The preferred detergent compounds which can be used are synthetic anionic and nonionic compounds. The former are usually water-soluble alkali metal salts of organic sulphates and sulphonates having alkyl radicals containing from about 8 to about 22 carbon atoms, the term alkyl being used to include the alkyl portion of higher acyl radicals. Examples of suitable synthetic anionic detergent compounds are sodium and potassium alkyl sulphates, especially those obtained by sulphating higher (C8 -C18 ) alcohols produced for example from tallow or coconut oil, sodium and potassium alkyl (C9 -C20) benzene sulphonates, particularly sodium linear secondary alkyl C10 -C15) benzene sulphonates; sodium alkyl glyceryl ether sulphates, especially those ethers of the higher alcohols derived from tallow or coconut oil and synthetic alcohols derived from petroleum; sodium coconut oil fatty monoglyceride sulphates and sulphonates; sodium and potassium salts of sulphuric acid esters of higher (C8 -C18) fatty alcohol-alkylene oxide, particularly ethylene oxide, reaction products; the reaction products of fatty acids such as coconut fatty acids esterified with isethionic acid and neutralised with sodium hydroxide; sodium and potassium salts of fatty acid amides of methyl taurine; alkane monosulphonates such as those derived by reacting alpha-olefins (C8 -C20) with sodium bisulphite and those derived from reacting paraffins with SO2 and Cl2 and then hydrolysing with a base to produce a random sulphonate; and olefin sulphonates, which term is used to describe the material made by reacting olefins, particularly C10 -C20 alpha-olefins, with SO3 and then neutralising and hydrolysing the reaction product. The preferred anionic detergent compounds are sodium (C11 -C15) alkyl benzene sulphonates and sodium C6 -C18) alkyl sulphates.
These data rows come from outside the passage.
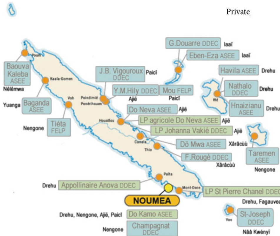
Figs. 13.3 Teaching of Kanak languages and cultures in private secondary schools as of 14 March 2018 (the 2022 map is currently available on the following website, but is less clear). (Source: https://www.ac-noumea.nc/spip.php?article3161 )

Since 1992, four languages can be chosen as electives for the Baccalaureate (the French high school diploma): Drehu, Nengone, Ajië and Paicî. In 1997, six vernacular languages were taught in middle school and high school: Iaaï and Xârâcùù, and then, from 2013, Djubéa (23 in public middle school in 2013) and Fwâi (in 2013 and 2014 at the Hienghène middle school), and Yuanga with a single pupil in private middle school in 2012 at the Baganda middle school in Kaala Gomen. Therefore, beyond the six main vernacular languages, the others are only taught sporadically and are localized within their geographic area. Depending on the year, the total number of pupils receiving instruction in vernacular languages varies from 3014 in 2005 to 1879 in private establishments, that is, two thirds, with 655 in high school and 2359 in middle school to 778 in 2011, in public schools only (data from private schools being unavailable), and rising to 3365 in 2005. Out of these, 2931 were in middle school and 434 in high school, and in total, 1537 pupils or almost half were in private establishments.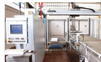
Stacker for double side squaring edge bander Brand: BARGSTEDT Model: R T SP 15/D/30/12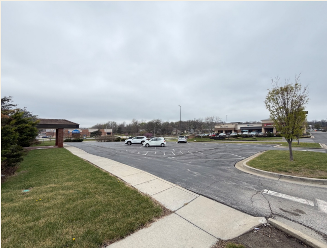
THE PARKING ———

Suitable nonionic detergent compounds which may be used include in particular the reaction products of compounds having a hydrophobic group and a reactive hydrogen atom, for example aliphatic alcohols, acids, amides or alkyl phenols with alkylene oxides, especially ethylene oxide either alone or with propylene oxide. Specific nonionic detergent compounds are alkyl (C6 -C22) phenols-ethylene oxide condensates, generally 5 to 25 EO, ie 5 to 25 units of ethylene oxide per molecule, the condensation products cf aliphatic (C8 -C18) primary or secondary linear or branched alcohols with ethylene oxide, generally 5 to 40 EO, and products made by condensation of ethylene oxide with the reaction products of propylene oxide and ethylenediamine. Other so-called nonionic detergent compounds include long chain tertiary amine oxides, long chain tertiary phosphine oxides and dialkyl sulphoxides.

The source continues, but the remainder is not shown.